Raw data –
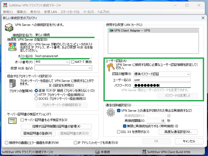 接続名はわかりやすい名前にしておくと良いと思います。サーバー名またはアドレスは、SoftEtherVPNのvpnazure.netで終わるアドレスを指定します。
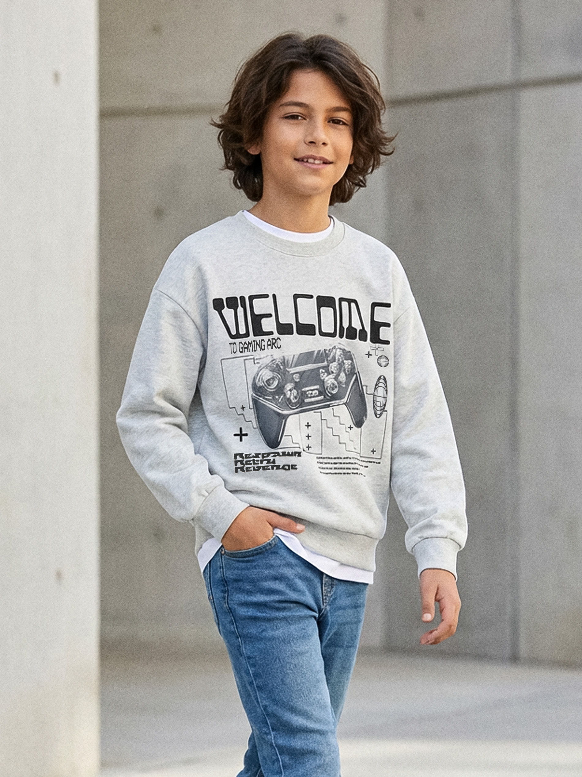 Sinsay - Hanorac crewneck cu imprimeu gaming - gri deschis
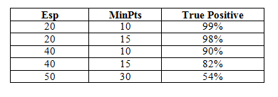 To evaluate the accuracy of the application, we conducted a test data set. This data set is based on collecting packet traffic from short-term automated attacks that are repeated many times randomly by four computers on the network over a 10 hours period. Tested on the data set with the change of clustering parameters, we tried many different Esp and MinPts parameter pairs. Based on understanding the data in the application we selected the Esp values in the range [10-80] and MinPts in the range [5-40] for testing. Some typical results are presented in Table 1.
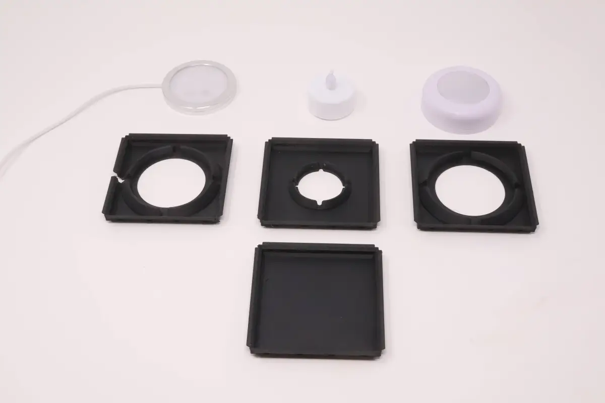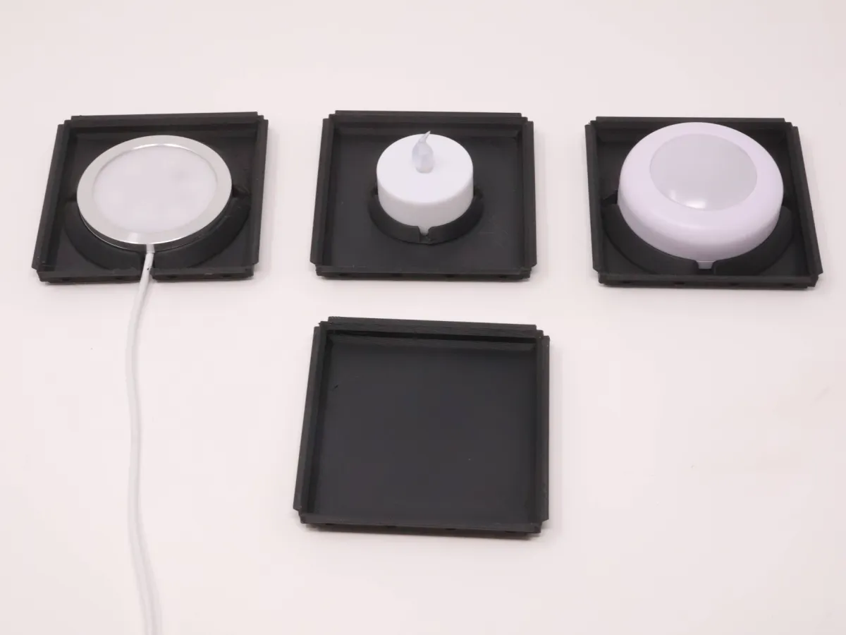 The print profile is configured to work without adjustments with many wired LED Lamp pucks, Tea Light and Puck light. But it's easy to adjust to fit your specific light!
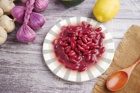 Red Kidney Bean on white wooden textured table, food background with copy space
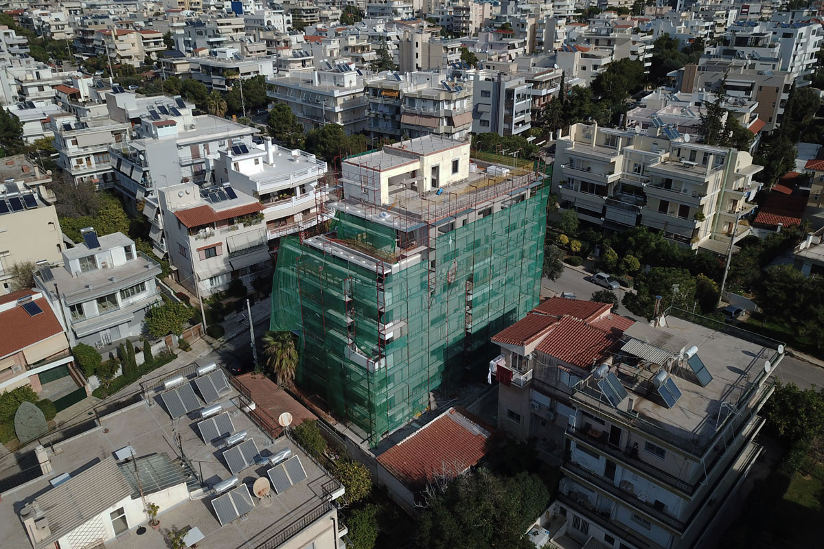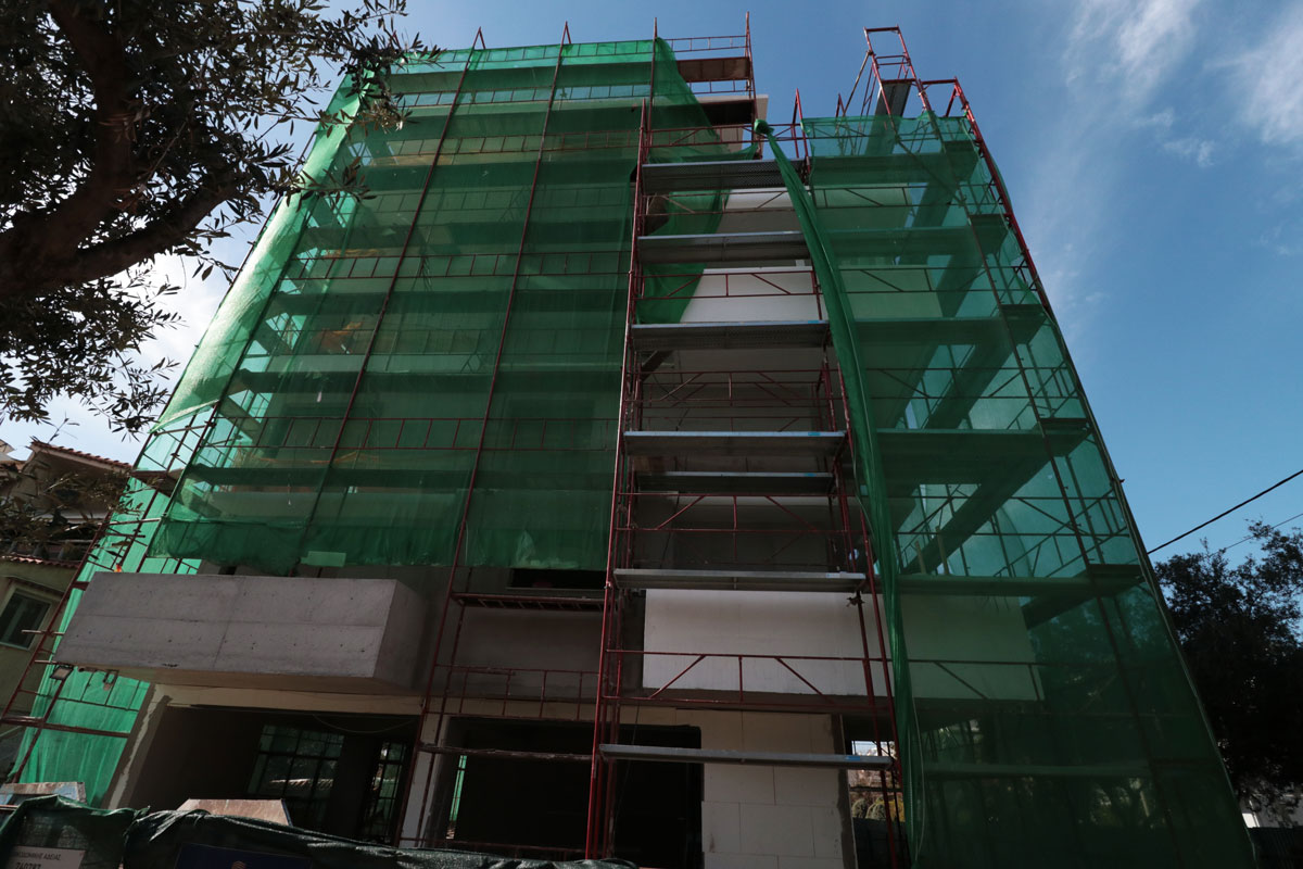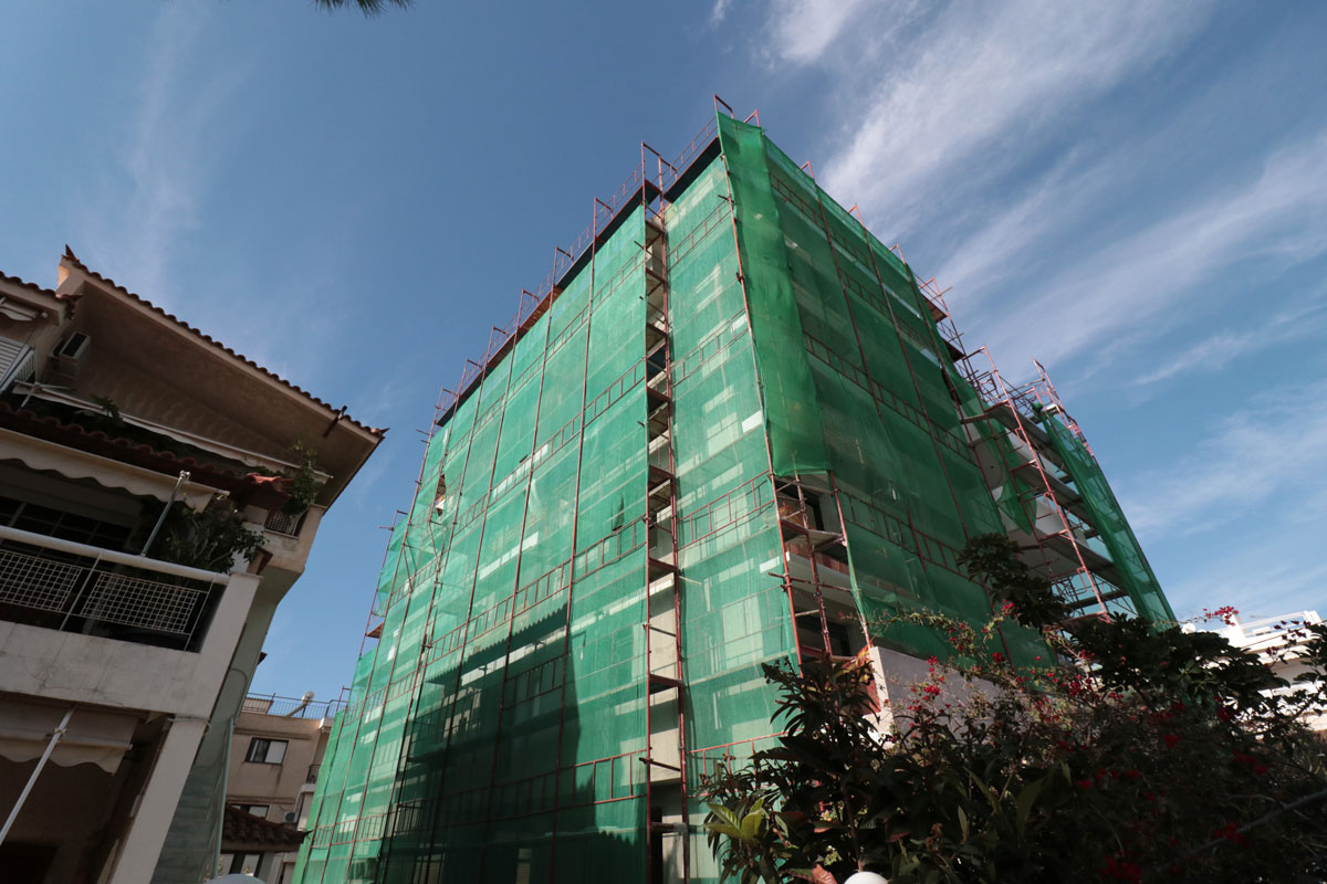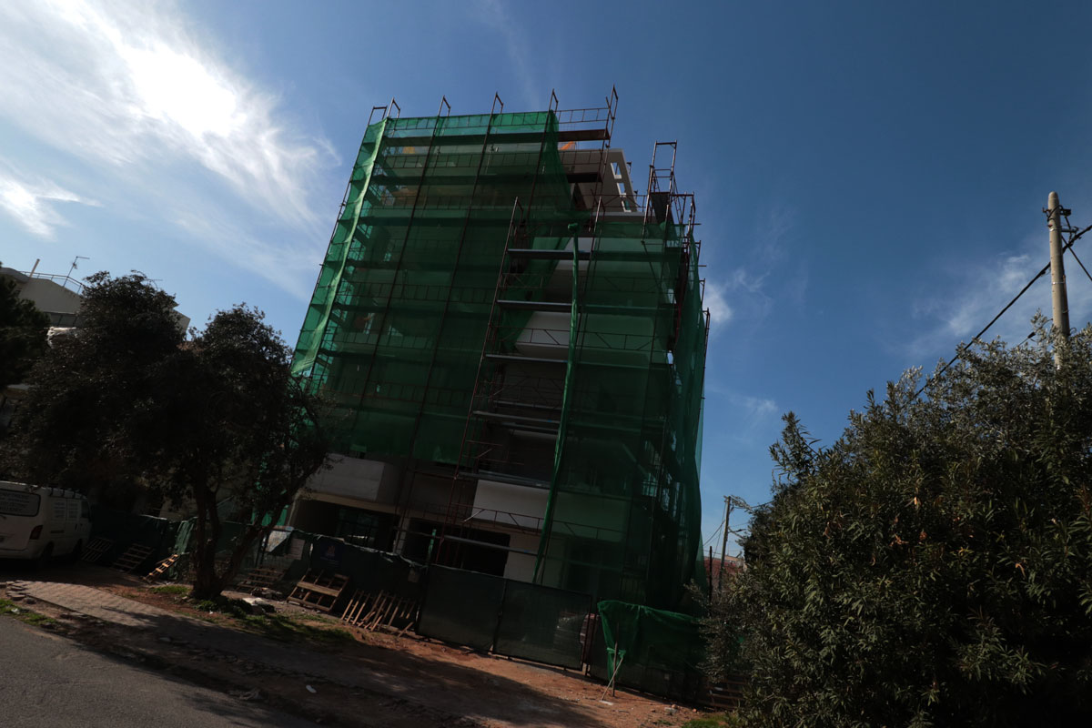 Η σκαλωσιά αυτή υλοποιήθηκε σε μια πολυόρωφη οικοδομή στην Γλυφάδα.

Exercise brief – All of the material above should be written out exactly as given, minus any images.

Response below –
 接続名はわかりやすい名前にしておくと良いと思います。サーバー名またはアドレスは、SoftEtherVPNのvpnazure.netで終わるアドレスを指定します。
 Sinsay - Hanorac crewneck cu imprimeu gaming - gri deschis
 To evaluate the accuracy of the application, we conducted a test data set. This data set is based on collecting packet traffic from short-term automated attacks that are repeated many times randomly by four computers on the network over a 10 hours period. Tested on the data set with the change of clustering parameters, we tried many different Esp and MinPts parameter pairs. Based on understanding the data in the application we selected the Esp values in the range [10-80] and MinPts in the range [5-40] for testing. Some typical results are presented in Table 1.
 The print profile is configured to work without adjustments with many wired LED Lamp pucks, Tea Light and Puck light. But it's easy to adjust to fit your specific light!
 Red Kidney Bean on white wooden textured table, food background with copy space
 Η σκαλωσιά αυτή υλοποιήθηκε σε μια πολυόρωφη οικοδομή στην Γλυφάδα.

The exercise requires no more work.